Dataset content —
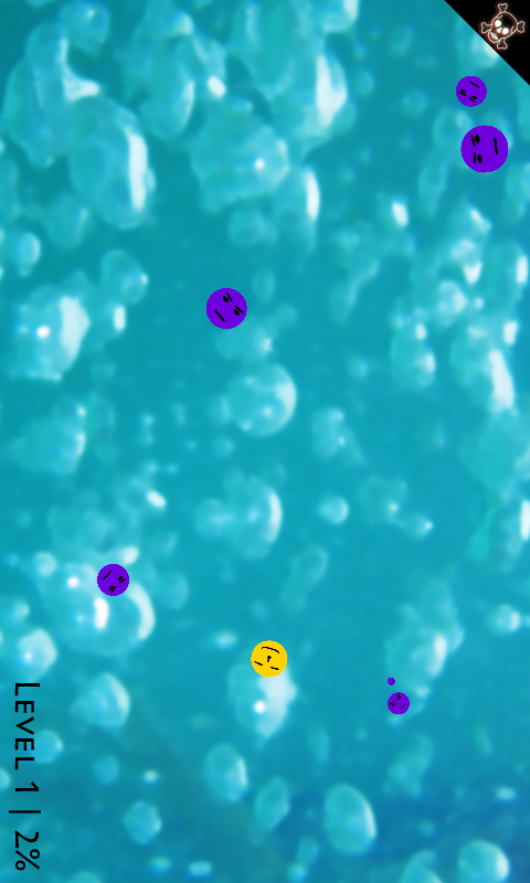You live in a world of hungry smileys, and you're looking for a snack. There are smaller smileys you can eat to grow, but be aware: Bigger enemies will give you damage, causing you to shrink and eventually vanish!
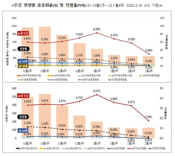 지난해 12월 2주차 전연령의 중증화율은 2.26%에서 1월 4주차 0.29%로 내려왔다. 60세 이상 연령층의 중증화율은 12월 2주차 5.94%에서 1월1주차 8.29%까지 상승했다가 1월 4주차 2.99%로 감소했다.
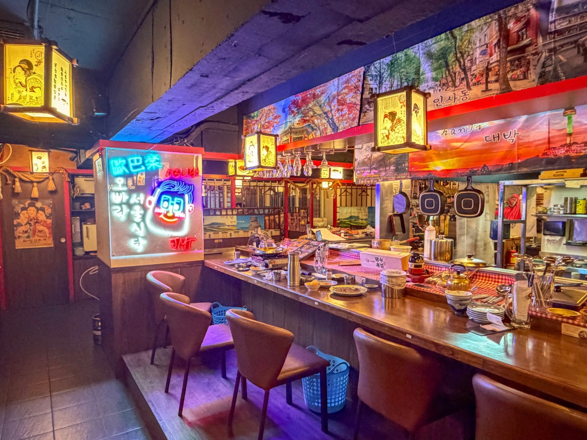 第一眼就被吧檯吸引到,微暖燈光搭配韓式元素,不會太商業,有點像在首爾路邊會遇到那種質感小店
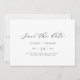 Este elegante roteiro horizontal para salvar o cartão de data é perfeito para um casamento simples. A design a preto e branco minimalista apresenta tipografia romântica rico com estilo de vidro moderno. Personalizável em qualquer cor. Mantenha o design mínimo e a classe, como está, ou personalize-o adicionando seus próprios gráficos e trabalhos de arte.
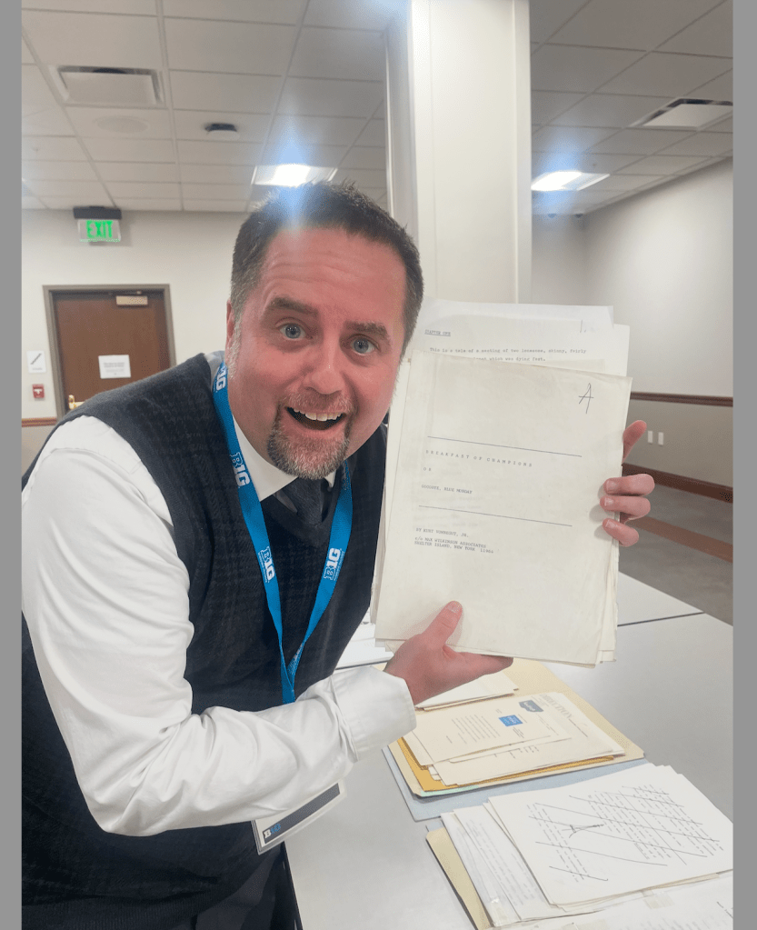 “This is the original manuscript of Kurt Vonnegut’s Breakfast of Champions,” the librarian said.
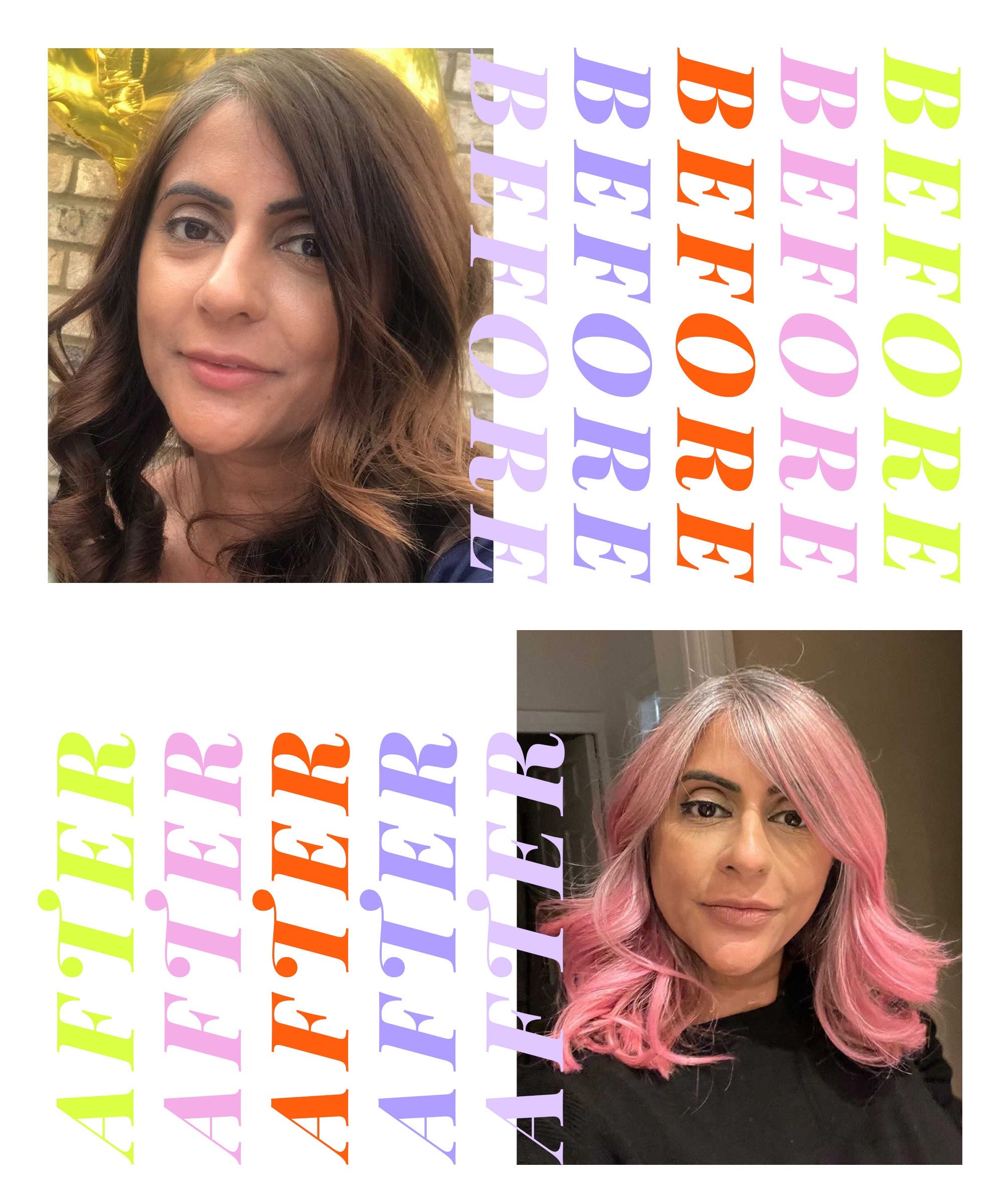 My confidence has grown and I no longer feel the need to wear a hat to cover my grays. People often think my gray-to-pink hair is an effect that has been created, not realizing it’s my actual gray roots! It’s the best decision, and although the journey is not fully complete, I can’t wait to keep experimenting with different colors that work with my natural gray hair."
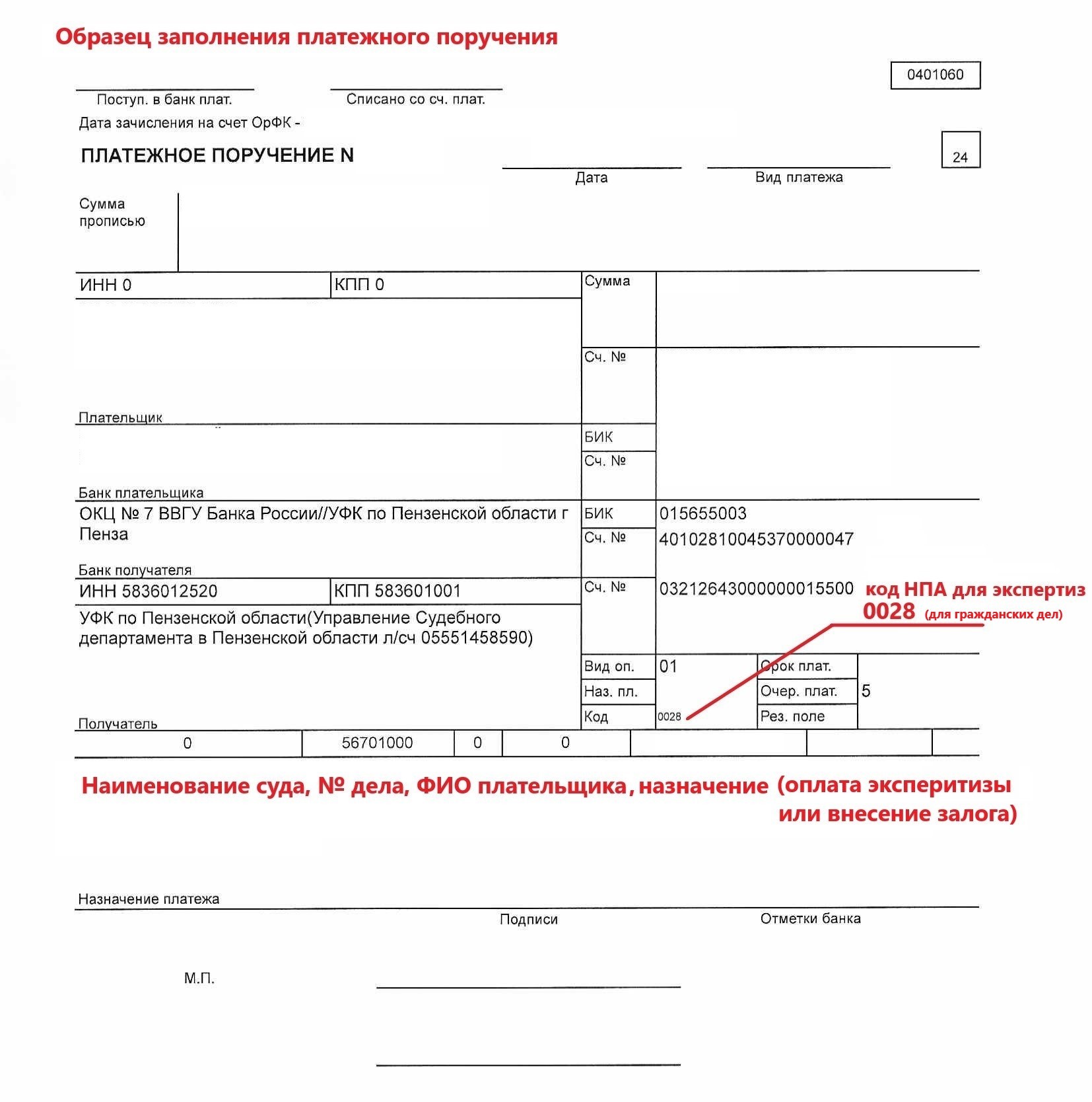 | ОБРАЗЕЦ заполнения платежного поручения для перечисления на депозит | версия для печати |
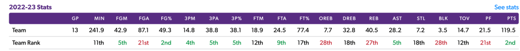 In the offseason, it was very clear what this team had to fix: Fox and Sabonis are great players the rely heavily on attacking the paint. The Kings had only one above average 3 point shooter on the roster in the Post-Sabonis trade 2021-22 season, that being Harrison Barnes. So, how to you fix this? Draft Keegan Murray, sign Malik Monk, trade for Kevin Huerter. Boom. Now the Kings starting line-up surrounds Fox and Sabonis with elite (well HB has been shit so far but he’s getting better) shooters that frees them up to dominate inside. Thus far, the results speak for themselves. The Kings are 2nd(!!) in the league in Offensive Rating and points per game, 5th in assists per game, 3 point attempts, AND 3 pointers made (all stats of 11/26/22). The offense is firing on all cylinders, and it’s so much fun to watch. Running through Sabonis with a million DHO (dribble handoffs) actions and smart cutters around it makes for some beautiful basketball.
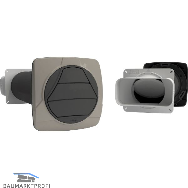 Diese optimAIRo Mauerdurchführung überzeugt durch die ansprechend gestaltete Lüftungsschlitz-Variante „Jalousie“ an der Hauswand und durch die im Maueranschlussstutzen integrierte magnetische Rückstauklappe, mit der bereits an der Außenwand das Eindringen von kalter Luft vermindert wird. Sie ist eine energieeffiziente Lösung, die Sie bedenkenlos auch auf der Wetterseite einsetzen können, da ein Klappern durch die magnetisch verschließende Rückstauklappe verhindert wird.
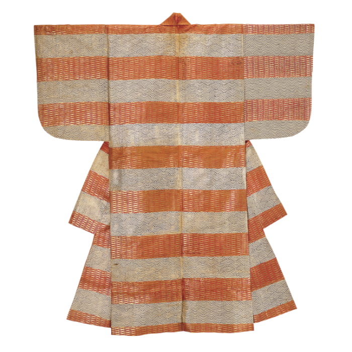 松坂屋コレクションのうち、江戸時代の小袖1点と、桃山~江戸初期の能装束4点が国の重要文化財に指定されています。そして、いずれも文化庁の重文指定理由に共通しているのは、「これほど良好な状態で残っているのは大変珍しい」という高い評価でした。半世紀以上に亘り松坂屋コレクションが大切に保管されてきた京都・染織参考館の保存レベルの高さを裏付けるものといえましょう。
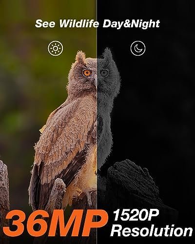 【Ultra-high 1520P 30fps 36MP Resolution & Advanced No-Glow Night Vision】1520P 30fps 36MP ultra-high resolution makes the game camera capture excellent images and clear audible videos, presenting rich details in the photos and footage. With the no-glow night vision feature, it takes recordings silently without disturbing animals. You will never miss a shot.

Work to complete —
No pictures should appear in the copy, which holds exactly the lines from the first line of the data through the line with "Este elegante roteiro" and nothing else.

The answer —
You live in a world of hungry smileys, and you're looking for a snack. There are smaller smileys you can eat to grow, but be aware: Bigger enemies will give you damage, causing you to shrink and eventually vanish!
 지난해 12월 2주차 전연령의 중증화율은 2.26%에서 1월 4주차 0.29%로 내려왔다. 60세 이상 연령층의 중증화율은 12월 2주차 5.94%에서 1월1주차 8.29%까지 상승했다가 1월 4주차 2.99%로 감소했다.
 第一眼就被吧檯吸引到,微暖燈光搭配韓式元素,不會太商業,有點像在首爾路邊會遇到那種質感小店
 Este elegante roteiro horizontal para salvar o cartão de data é perfeito para um casamento simples. A design a preto e branco minimalista apresenta tipografia romântica rico com estilo de vidro moderno. Personalizável em qualquer cor. Mantenha o design mínimo e a classe, como está, ou personalize-o adicionando seus próprios gráficos e trabalhos de arte.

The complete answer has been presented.